$0.12 per 1k completion tokens is high enough that it makes it prohibitively exp...

weird-eye-issue · on March 14, 2023

I disagree that out of all possible use cases for a large context model that a chatbot is really the "best use case".

LeanderK · on March 14, 2023

> $0.12 per 1k completion tokens is high enough that it makes it prohibitively expensive to use the 32k context model.

this is a lot. I bet there's a quite a bit of profit in there

csa · on March 14, 2023

> I bet there's a quite a bit of profit in there

Is this profit-seeking pricing or pricing that is meant to induce folks self-selecting out?

Genuine question — I don’t know enough about this area of pricing to have any idea.

RosanaAnaDana · on March 14, 2023

Gotta pay back M$

ml_basics · on March 14, 2023

> Especially in a chatbot use case with cumulative prompting, which is the best use case for such a large context vs. the default cheaper 8k window.

Depends on what is up with the images and how they translate into tokens. I really have no idea, but could be that 32k tokens (lots of text) translates to only a few images for few-shot prompting.

The paper seems not to mention image tokenization, but I guess it should be possible to infer something about token rate when actually using the API and looking at how one is charged.

minimaxir · on March 14, 2023

Currently, CLIP's largest size is at patch-14 for 336x336 images, which translates to 577 ViT tokens [(336/14)^2+1]. It might end up being token-efficient depending on how it's implemented. (the paper doesn't elaborate)
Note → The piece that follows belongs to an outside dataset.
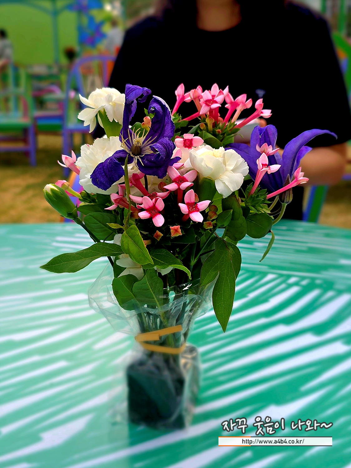 잠실 반클리프 아펠 전시회 스프링 이즈 블루밍 꽃다발 만들기 체험에서 제작한 꽃다발입니다. 이번 체험의 종이 화분도 프랑스 아티스트 알렉상드르 뱅자맹 나베가 작업한 작품입니다.

sebzim4500 · on March 14, 2023

I would imagine most usecases for the 32k model have much longer prompts than completions, so the $0.06 per prompt token will be the real problem. I can't think of a usecase yet, but that might be because I haven't got a sense of how smart it is.
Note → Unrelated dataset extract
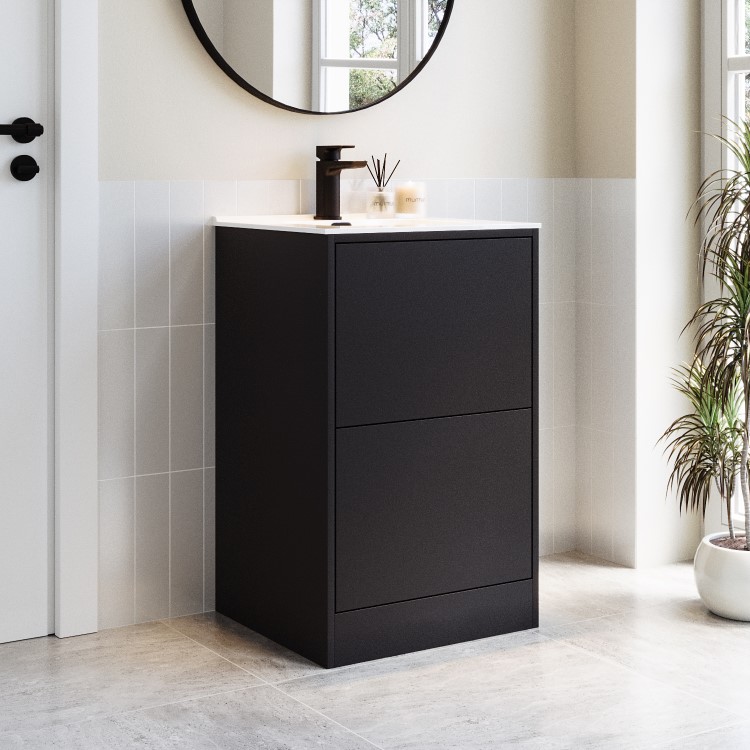 Modernise your bathroom with the Palma matt black basin vanity unit. Practical and stylish with clean lines, it is the perfect addition to your cloakroom or small bathroom. The two push to open drawers have a soft closing mechanism to prevent slamming, providing a quieter closure. The drawer opening distance is 255mm so plenty of room for all your bathroom essentials. A high-quality ceramic inset basin is included, which has one central tap hole; a tap isn't included, so you're free to choose one from our wide range. The basin comes with a pre-fitted chrome overflow but feel free to add on a different overflow cover to match your tap. This vanity unit requires no assembly, secure the basin then install your chosen tap and waste. This unit has a 2 years warranty for added peace of mind.

gremlinsinc · on March 14, 2023

can't you combine instances of 4k tokens in 3.5 to fake it? having one gpt context per code file, for instance and maybe some sort of index?

I'm not super versed on lang chain but that might be kinda what that solves...

minimaxir · on March 14, 2023

LangChain/context prompting can theoetically allow compression of longer conversation, which will likely be the best business strategy.